Off-Balance Sheet Arrangements

We do not have any material off-balance sheet arrangements as of June 30, 2024.

Critical Accounting Policies and Estimates

The preparation of the unaudited Condensed Consolidated Financial Statements in accordance with GAAP requires management to make significant judgments, assumptions, and estimates that materially affect the amounts reported in the Company's Condensed Consolidated Financial Statements. Management's judgments, assumptions, and estimates are based on historical experience, future expectations, and other factors that are believed to be reasonable as of the date of the Condensed Consolidated Financial Statements. Actual results may ultimately differ from management's original estimates, as future events and circumstances sometimes do not develop as expected.

Our accounting policies are set forth in Note 1 — Basis of Presentation and Accounting Policies to Consolidated Financial Statements contained in our Annual Report. We include herein certain updates to those policies.

New Accounting Standards

New accounting standards are described in Note 1 — Basis of Presentation and Accounting Policies, in Item 1 of Part I of this Quarterly Report, which are incorporated herein by reference.

Non-GAAP Financial Measures

Adjusted EBITDA

We define Adjusted EBITDA as consolidated Net income, excluding interest and other income (expense), income tax expense, and depreciation and amortization, further adjusted to exclude (i) changes in the fair value of our warrant liabilities; (ii) share-based compensation expense; and when applicable, (iii) restructuring, impairment and related charges, net; (iv) gains, losses and impairments related to divestitures; and (v) certain other unusual items.

We present Adjusted EBITDA because we consider it to be an important supplemental measure of our performance and believe it is frequently used by securities analysts, investors, and other interested parties in the evaluation of companies in our industry. Management uses Adjusted EBITDA as a measure of the operating performance of our business on a consistent basis, as it removes the impact of items not directly resulting from our core operations.

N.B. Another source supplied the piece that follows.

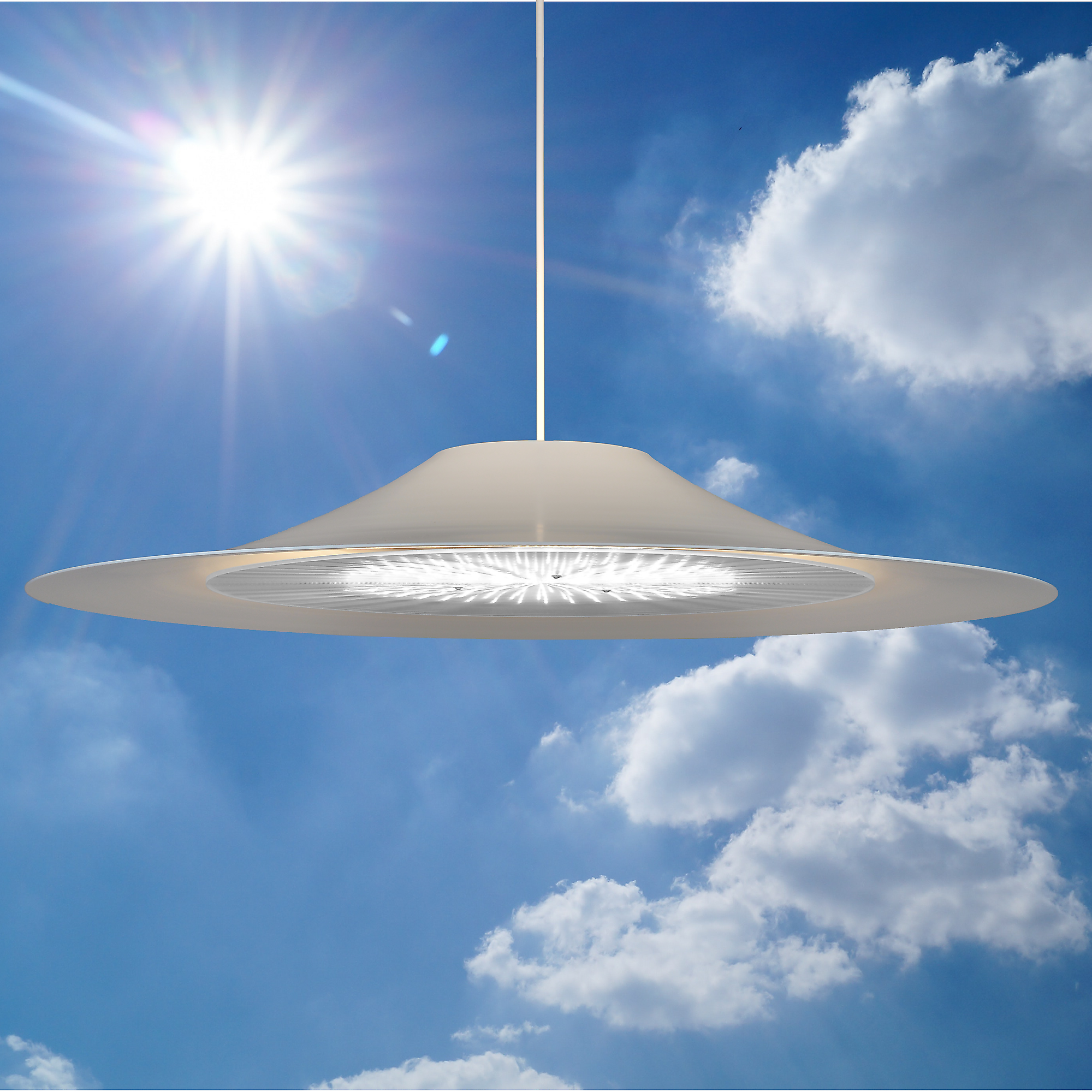 Die Leuchte verfügt über einen kombinierten Direkt-/Indirektlichtanteil, der gemeinsam schalt- und dimmbar ausgeführt ist. Der indirekte Lichtanteil sorgt für eine dezente Deckenaufhellung und ist durch eine klare Abdeckung geschützt. Die direkt abstrahlende Unterseite ist mit einer radial geprägten, konischen Microprismenscheibe ausgestattet, die eine blendfreie Lichtverteilung und natürliches Licht mit Sonnenlicht-LEDs bietet, das die visuelle Wahrnehmung verbessert und Ermüdung reduziert.

By providing this non-GAAP financial measure, together with a reconciliation to Net income, which is the most comparable GAAP measure, we believe we are enhancing investors' understanding of our business and our results of operations, as well as assisting investors in evaluating how well we are executing our strategic initiatives. However, Adjusted EBITDA has limitations as an analytical tool, and should not be considered in isolation, or as an alternative to, or a substitute for Net income or other financial statement data presented in our Condensed Consolidated Financial Statements as indicators of financial performance. Our definition of Adjusted EBITDA may be different than similarly titled measures used by other companies in our industry, which could reduce the usefulness of this non-GAAP financial measure when comparing our performance to that of other companies.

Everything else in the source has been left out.